Papa-Figo: O terror que ameaçava a infância

(Representação visual gerada pela IA Leonardo)

Amedrontar crianças através de histórias chocantes sobre figuras sombrias capazes de capturar jovens e inocentes vítimas é uma prática estranha, mas comum. O uso do pavor como forma de controle para disciplinar, impor obediência e prevenir comportamentos reconhecidos como perigosos, como vagar longe de casa sem a companhia de adultos. Eventuais desaparecimentos reais de crianças em condições misteriosas reforçaram as histórias macabras e uma miríade figuras aterrorizantes como a Baba Yaga, El Cucuy, e variados personagens ameaçadores para crianças foram tomando forma, simbolizando os medos e ansiedades das próprias culturas que os criaram.

Um desses perigos personalizados no imaginário popular é o infame Papa-Figo, que surgiu nas tradições orais como uma lenda bastante difundida no Nordeste do Brasil. Suas representações são variadas como indivíduos velhos cadavéricos ou de um sinistro praticante de artes ocultas, mas geralmente consistem em um homem solitário que vaga carregando um saco no qual aprisiona as crianças que ele captura depois de iludir os ingênuos alvos ao ofertar doces. O assassino agia sem ser visto e sem deixar vestígios, o que que acrescentava ainda mais mistério em torno de sua natureza. O destino das jovens vítimas era extremo e cruel, pois acabavam assassinadas para que o malfeitor retirasse seus fígados.  

A motivação do matador de inocentes era especialmente tétrica, pois os órgãos retirados de crianças serviriam como remédios para condições como a lepra ou outro mal supostamente curado por esta prática inominável. Canibalismo medicinal era uma prática que já foi considerada por várias pessoas como uma abordagem eficiente para o tratamento de doenças, levando ao ato de recorrer ao consumo de restos humanos para fins medicamentosos e complementação nutricional para proporcionar longevidade e vitalidade. Associar este canibalismo a aspectos ou situações que acentuavam o terror acabou sendo uma possibilidade bem viável.

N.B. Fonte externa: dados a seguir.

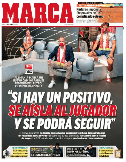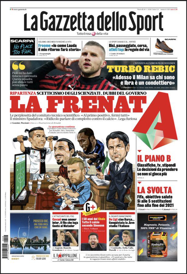“Scetticismo degli scienziati e dubbi del governo” su protocolli sanitari e ripartenza secondo la Gazzetta dello Sport, che sottolinea come qualora venisse riscontrata la positività di un solo giocatore al Coronavirus si fermerebbe nuovamente tutto il movimento. Situazione ben diversa in Germania, dove il campionato (stando a quanto confermato ieri dai vertici della Bundesliga) proseguirà anche in caso di contagio. Conquistandosi anche la prima pagina del madrileno Marca. Il presidente degli arbitri Marcello Nicchi dà il 50% di possibilità di ripresa, su un campione di 1000 italiani il 64% si dice favorevole allo stop definitivo della stagione.
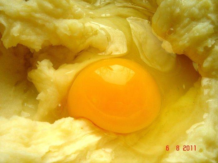 • Картофель отварить, слить воду и истолочь в пюре. Добавить масло, 1 яйцо и 1 белок. Быстро смешать, чтобы не сварился белок. Выложить пюре в жаропрочную форму и распределить по дну и бокам. Смазать бока желтком. Запекать в духовом шкафу при t 200*20-25 мин. Если у вас нет формы, которую можно поставить на стол, воспользуйтесь разъёмной, выстеленной бумагой для выпечки.

Como se não bastasse a figuração terrível do predador de crianças, uma versão pernambucana do Papa-Figo o associa a outro ser tenebroso. O sociólogo Gilberto Freyre registrou na obra “Assombrações do Recife velho” que nos idos do século XIX corria uma narrativa sobre um certo indivíduo abastado e misterioso foi acometido por uma maldição ou moléstia muito macabra que fazia com que ele se transformasse num lobisomem. Em sua forma humana, o tal indivíduo tinha um aspecto moribundo, amarelado e que exalava um cheiro fétido. A medicina convencional não tinha um método para lidar com o estranho adoecimento e a transformação noturna em uma besta assassina atestava que o mal não era meramente físico. O desespero levou o infeliz a recorrer aos saberes das artes ocultas através de um curandeiro que recomendou que o ricaço comesse fígado infantil para se livrar daquele estado sobrenatural. O próprio preto velho se encarregou de fornecer o insumo obtido através da morte violenta de crianças, então saía com um saco pelas ruas e ficava à espreita, pronto para atacar algum menino ou menina que se afastava da atenção familiar por desobediência ou traquinagem. Não se sabe quantas mortes infantis foram causadas por esta parceria devastadora entre o Papa-Figo e o Lobisomem, mas os relatos sobre aparições e ataques da fera animalesca reduziram em Recife, indicando a cura da maldição sob um preço inaceitável.

Apesar das variações narrativas, durante muito tempo o medo do Papa-Figo foi explorado pelos adultos para estabelecer a obediência das crianças através do terror representado por esta lenda urbana.